The letter follows reviews of two aspects of the management of with-profits funds which revealed varying standards of governance of funds.
The FSA carried out two thematic reviews this year looking at with-profits. The first looked at how firms provide independent input into their management of with-profits funds to ensure that policyholder interests are considered - it found a number of issues:
- Some firms' arrangements for independent input did not involve consideration of wider issues that could affect whether policyholders are treated fairly.
- Firms need to identify and manage any conflicts of interest in the way that the firm uses independent reviewers to look at the firm's management of with-profits funds.
- Firms did not always provide timely information to those responsible for the independent review of the management of funds.

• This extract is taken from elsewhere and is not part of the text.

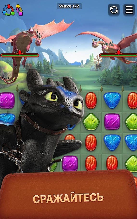 Помогать Беззубику будет очень интересно и весело, особенно в жанре ваших любимых головоломок три в ряд. Исследуйте огромное количество фантастических локаций, на которых сможете помогать всем персонажам из знаменитого мультика. Огибайте остров и соберите в своей коллекции как можно больше драконов. Они помогут вам в главных битвах приключений Dragons: Titan Uprising. Постепенно игрок сможет узнать много интересного по сюжетной линии, разработанной специально для этого процесса. Используйте командные боевые режимы и наслаждайтесь качеством графики, сделанной в стиле оригинального мультика. Чтобы полностью выйти победителем, предстоит иметь у себя в армии более сотни Драконов, а каждый из них обитает на определенной локации, с которой игроку еще только предстоит познакомиться.
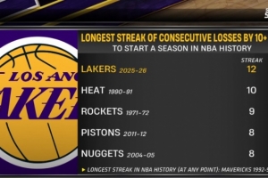 备注:在赛季任何时段,连续输两位数纪录是1992-93赛季的小牛(21场)

Sarah Wilson, FSA sector leader for insurance, said: "Since the FSA's introduction of new rules for with-profits funds in 2004 / 05, we have been monitoring individual firms' compliance with the rules. The mixed picture shown in the reviews of two key areas is of concern. Some firms are not doing enough to provide independent input into the management of with-profits funds or are not devoting enough attention to running off closed funds.
"Senior management need to review our findings against their approach to managing their firm's with-profits funds and take prompt action to address any shortcomings. We will continue to assess firms on these issues and will take action where we find that customers are not being treated fairly."
The FSA's thematic work was carried out earlier this year. The review of independent input looked at 40 of the largest with-profits firms. The review of closed funds looked at 13 funds that closed to new business before the introduction of the FSA's rules.